What to produce
Using the data below, return word for word every line from the one holding "Conjunto de Pratos" down to the one holding "1、在 Mac 上打開". Leave pictures out.
[[ Provided records open ]]
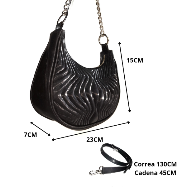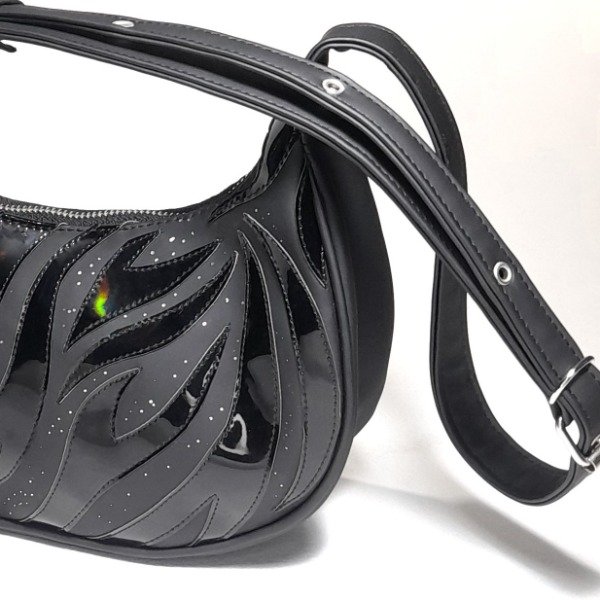 Bandolera confeccionada en engomado y charol holografíco sintético, diseñada para cuando baja el sol.
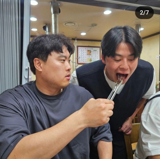 류현진 소속사 99코퍼레이션은 1일 류현진이 소속팀 후배들과 소고기 파티를 즐긴 순간을 공개했다. 전날 류현진은 대전한화생명이글스파크에서 에스에스지(SSG) 랜더스를 상대로 선발 등판해 6이닝 7피안타 2실점(1자책점) 하며 승리 투수가 됐다.
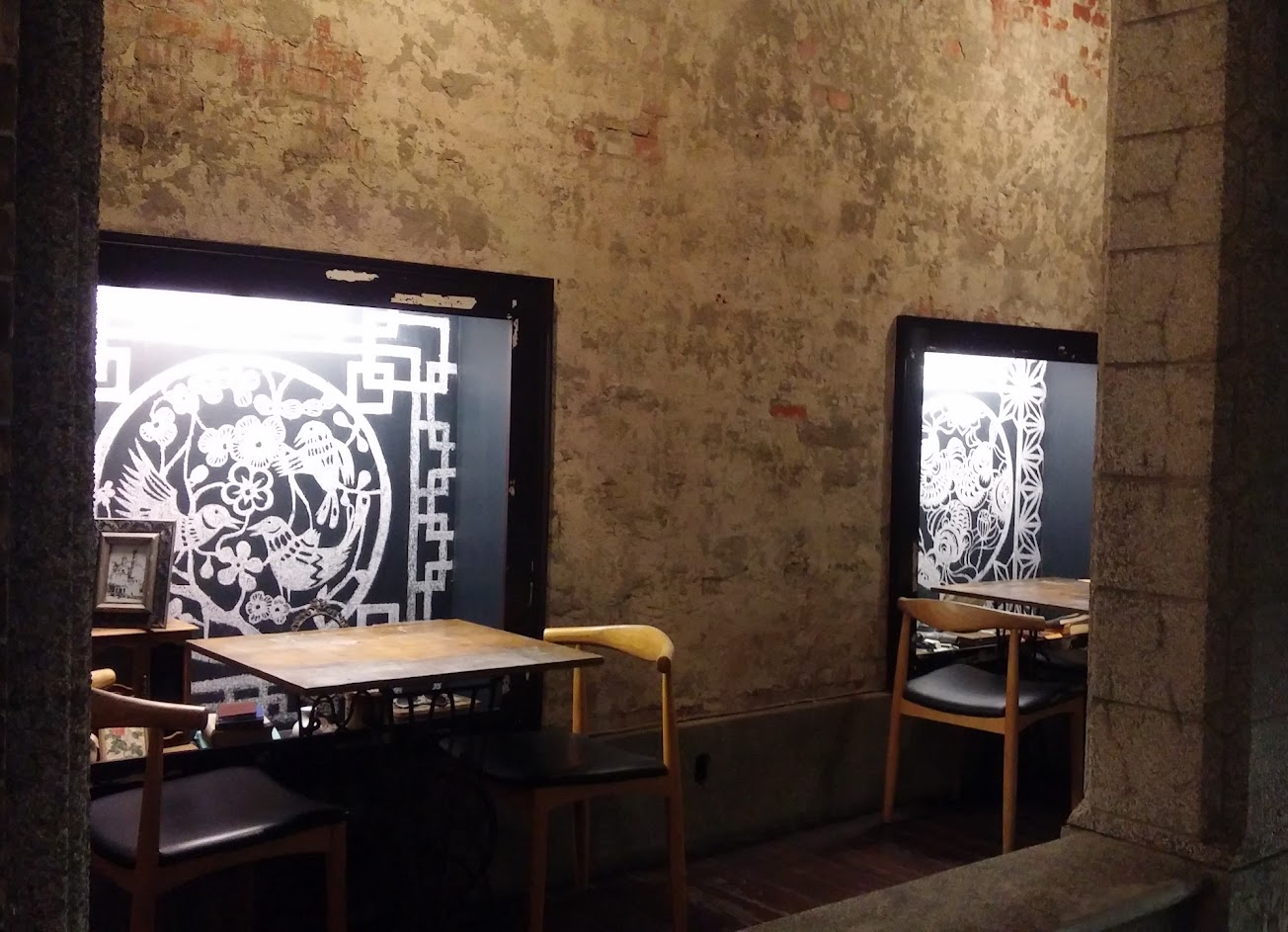 是老房子改建,很有老式上海風,服務很好,還幫忙抬娃娃車,但吃方面就不道地,沒特別說,不辣,和我之前去泰國的比,香料不夠味。
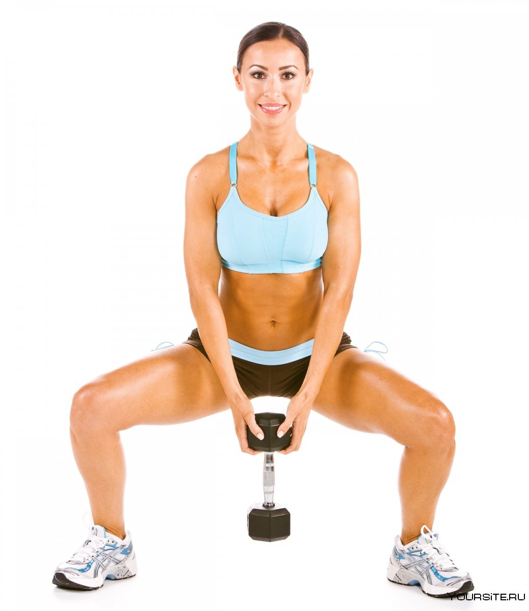 1. Приседания плие с гантелей техника
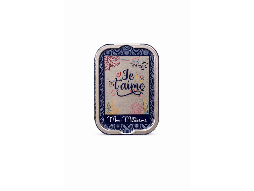 Francouzké sardinky "JE T'AIME". Tyto sardinky se loví na Saint Gilles Croix-de-Vie, zpracovávají se čerstvé a po staru - ručně. Neváhejte je nechat stárnout, časem se zlepšují.
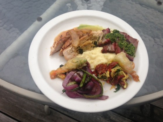 From the top going clockwise: Chicken, stuffed with Rice and Kale; Short Ribs of Beef; Fried Squash Blossoms stuffed with Goat Cheese; Marinated shredded Squash with Sun-Dried Tomato; Grilled Asparagus and Red Onion; and another Fried Squash Blossom stuffed with Goat Cheese; plus Puréed Potato in the center.
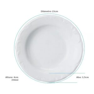 Conjunto de Pratos Fundos Pomerode Branco 23cms de diametro e 6 peças
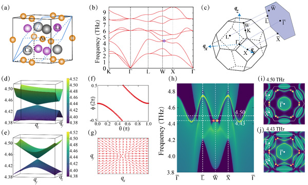 圖2 在半Huseler合金LiCaAs家族材料中揭示的在聲學(xué)支頂點(diǎn)與光學(xué)支最低點(diǎn)接觸處存在的拓?fù)鋯瓮鉅柭曌蛹捌浔砻鎽B(tài)
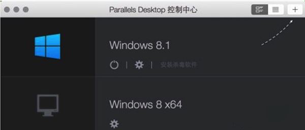 1、在 Mac 上打開 Parallels Desktop 的控制中心,點擊右上角的 + 按鈕,創建一個新的虛擬機。
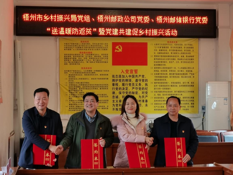 2021年12月30日,梧州市鄉(xiāng)村振興局、郵政梧州分公司、郵儲銀行梧州市分行、岑溪市安平鎮(zhèn)等各單位部門聯(lián)合,到安平鎮(zhèn)中慶村開展“送溫暖防返貧”活動,并對黨建共建活動進(jìn)行簽約儀式。 座談會上,郵儲銀行梧州市分行行長覃延寧就中慶村需要支持協(xié)調(diào)的事項進(jìn)行了解答。覃延寧表示,梧州市分行始終把服務(wù)“三農(nóng)”,服務(wù)鄉(xiāng)村振興作為重點工作來抓,對蒼梧六堡茶、藤縣古龍八角等產(chǎn)業(yè)提供金融支持,助力產(chǎn)業(yè)發(fā)展壯大,為助力鄉(xiāng)村振興奉獻(xiàn)郵儲力量。同時覃行長還詳細(xì)介紹該行“八角流水貸”“六堡茶流水貸”等涉農(nóng)產(chǎn)品。 在簽約儀式后,覃延寧一行到困難群眾家中進(jìn)行慰問,為困難群眾帶來米和油等生活用品,囑咐困難群眾要注意保重身體,相信在大家伙的幫助下,明天會更好。 此時活動,展現(xiàn)了郵儲銀行梧州市分行的責(zé)任與擔(dān)當(dāng),讓郵儲溫度溫暖人心,讓服務(wù)“三農(nóng)”,服務(wù)鄉(xiāng)村振興的理念深入人心。
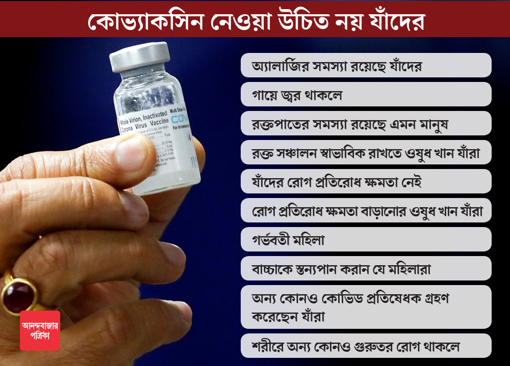 শুধু তাই নয়, জ্বর হলে, রক্তপাতের সমস্যা থাকলে, রক্ত সঞ্চালন স্বাভাবিক রাখার ওষুধ খেলে অথবা অন্য কোনও গুরুতর শারীরিক সমস্যা থাকলেও কোভ্যাকসিন নেওয়া নিরাপদ না-ও হতে পারে বলে জানানো হয়েছে ভারত বায়োটেকের তরফে। আগে অন্য কোনও করোনা প্রতিষেধক নিয়ে থাকলে কোভ্যাকসিন নেওয়া শ্রেয় নয় বলেও সতর্ক করা হয়েছে সাধারণ মানুষকে।
[[ Provided records closed ]]
Solved exercise
 Conjunto de Pratos Fundos Pomerode Branco 23cms de diametro e 6 peças
 圖2 在半Huseler合金LiCaAs家族材料中揭示的在聲學(xué)支頂點(diǎn)與光學(xué)支最低點(diǎn)接觸處存在的拓?fù)鋯瓮鉅柭曌蛹捌浔砻鎽B(tài)
 1、在 Mac 上打開 Parallels Desktop 的控制中心,點擊右上角的 + 按鈕,創建一個新的虛擬機。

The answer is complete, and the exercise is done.